To achieve the overlapping relation extraction from the petrographic descriptions, an approach based on an enriching R-Transformer model is proposed in this paper. The method transforms the relation extraction task into a relation classification task. For single relations between rocks and mineral entities or between rocks and structure entities, relation classification mainly involves determining whether there is a relation between the two entities and the problem is considered as a binary classification problem. If there are multiple possible relations between rocks and colour entities or between rocks and mineral entities in a single rock description sentence, the relation classification is called a multiclassification problem. In this paper, the absence of a relation is considered a special relation type (marked as NA). Sequence semantic feature extraction in the R-Transformer model is based on pre-trained language models such as BERT, XLNet and ELECTRA. The framework of the proposed R-Transformer relation classification model is shown in Figure 5. First, the position of the entity pair in the sequence is marked in the input of the model; thus, the extracted vector representation of the sentence contains the position information of the entity pair.

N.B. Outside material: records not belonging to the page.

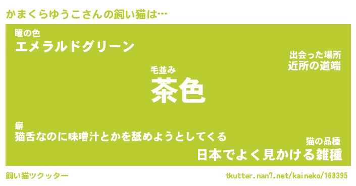 かまくらゆうこさんの飼い猫は… 毛並み『茶色』瞳の色『エメラルドグリーン』猫の品種『日本でよく見かける雑種』 ツクッター #飼い猫ツクッター http://tkutter.nan7.net/kaineko/168395/
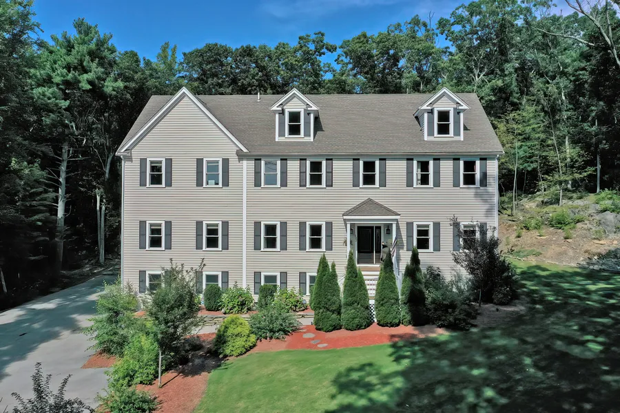 Incredible 5 year young colonial on picturesque knoll with stunning views. Stately set back on 4+ acres, this home presents better than new. Lush landscape and curb appeal. Enter into 2 story foyer - large arched doorways and columns abound throughout. First floor has 10 ft ceilings! Gleaming hardwoods with walnut stain on 1st floor. Cream raised panel kitchen cabinets, subway backsplash, Chef's gas range, center island, granite counters, and high end stainless steel appliances. Gas fireplace in oversized 31x22 family room. Impressive turned stairway to the second level. Huge master suite with fireplace and master bath with separate tub and tiled shower. Three additional generous size bedrooms. Double sinks in both full bathrooms. Convenience of 2nd floor laundry room complete with butcher block counter. Walk up attic with full windows or full basement for future expansion. Lifetime architectural roof shingles. Hardie Fiber cement siding. Composite back deck and large stone patio with hot tub overlooks 4+ acres of wooded privacy. THIS IS A MUST SEE!
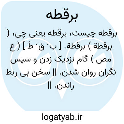 ( برقطة ) برقطة. [ ب َ ق َ طَ ] ( ع مص ) گام نزدیک زدن و سپس نگران روان شدن. || سخن بی ربط راندن. || پراکندن. پراکنده کردن. ( منتهی الارب ) ( ناظم الاطباء ). || در حال نگرانی روان گردیدن. ( ناظم الاطباء ).
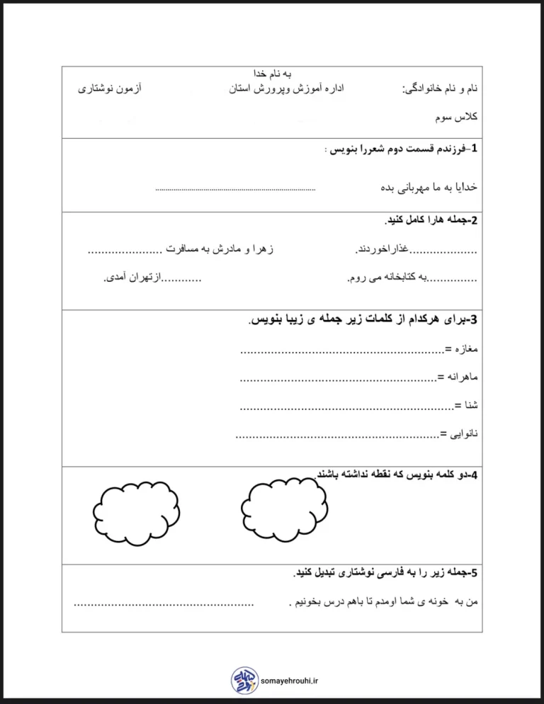 این آزمون نوشتاری کلاس سوم، ابزاری جامع برای سنجش دانشآموزان در زمینههای کلیدی مانند تکمیل شعر و جمله، کاربرد کلمات، تبدیل گفتار به نوشتار و توانایی جمله سازی است. با پاسخ به این سوالات، دانشآموزان فرصت مییابند تا آموختههای خود را به کار گیرند و معلم نیز میتواند نقاط قوت و ضعف آنها را به صورت دقیق ارزیابی کند. آمادگی برای این آزمون، گامی مهم در تقویت پایههای سواد نوشتاری فرزندان دلبند شماست.
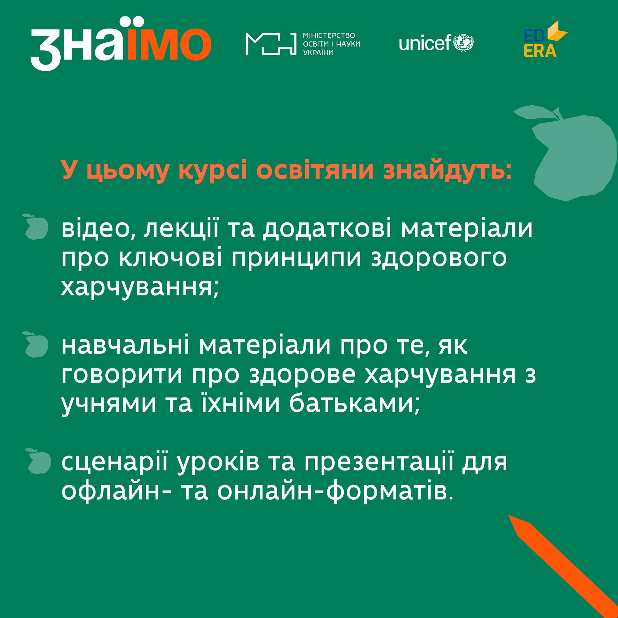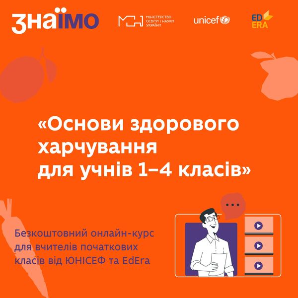Дитячий фонд ООН (UNICEF Ukraine) спільно з освітньою платформою «EdEra» створили онлайн-курс «Основи здорового харчування для учнів 1–4 класів»
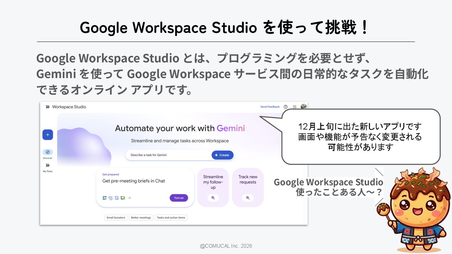 @COMUCAL Inc. 2026 Google Workspace Studio を使って挑戦! Google Workspace Studio
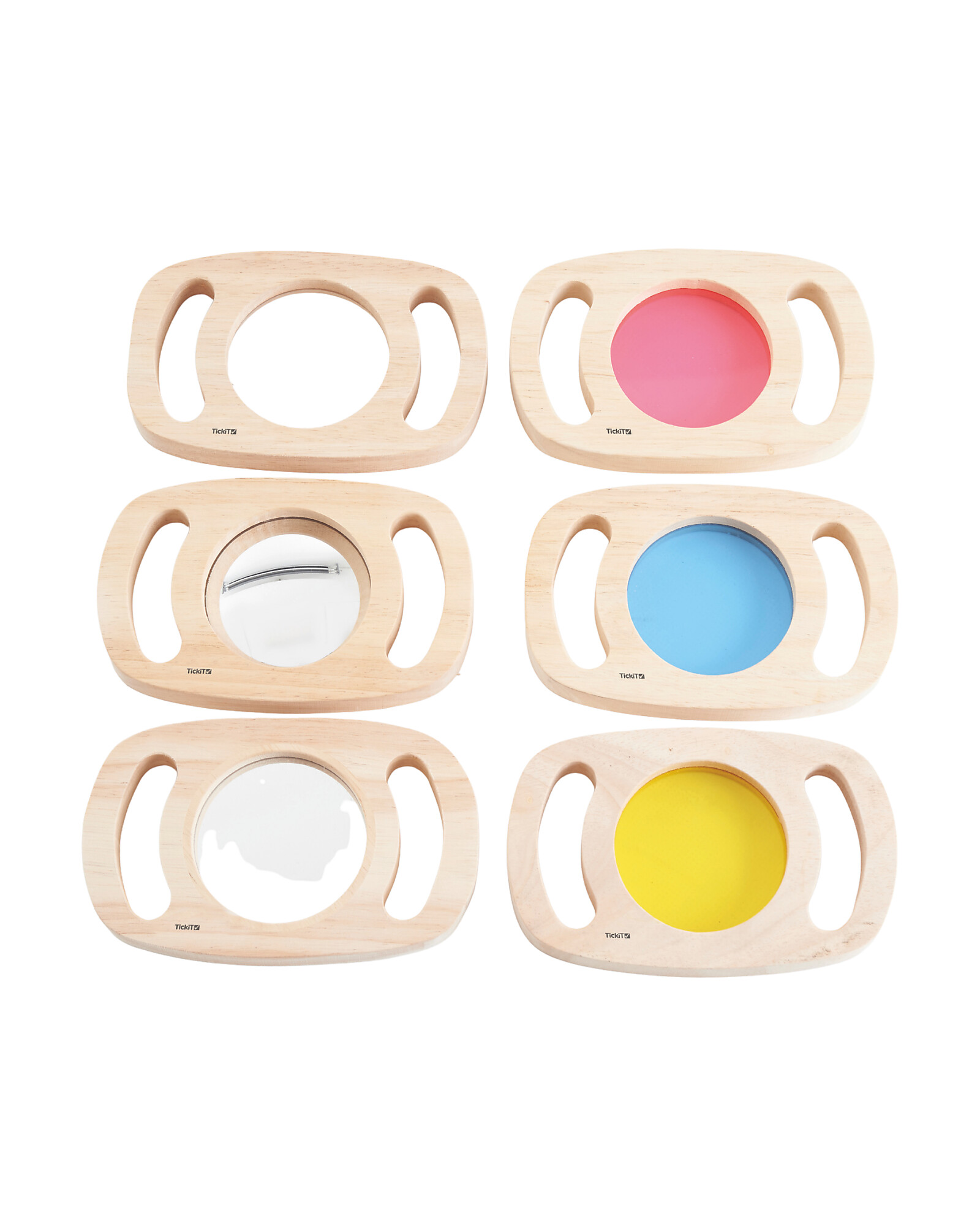 The Easy Hold Discovery Set contains six easy-to-grip frames made of FSC rubber wood, each with handles, and each enclosing a different insert that will help your child interact with the world around them in a unique way. The translucent acrylic panel inserts provide a new colorful perspective of their environment and, when stacked, can be used to mix colors; a giant magnifying lens allows your child to closely observe small objects or insects, while mirrors offer a distorted reflection to stimulate their curiosity. Ideal for use with a light panel.

Second, the model extracts semantic information from the sentence vector and the two-entity vectors. Each entity vector is aggregated via an averaging method, and dimension reduction is realised using a fully connected dense layer with the Tanh activation function. Third, the two-entity vectors with reduced dimensions are concatenated with the sentence vector, and the annotation classification prediction of each sequence character is realised through the fully connected dense layer, which adopts the softmax multiclassification activation function. Considering the scale of the corpus and the total number of the entity pairs, a dropout layer is added after the combination layer to deal with the possible over-fitting problem and improve the model performance. The relationship extraction method used in this paper will be presented in detail in another article.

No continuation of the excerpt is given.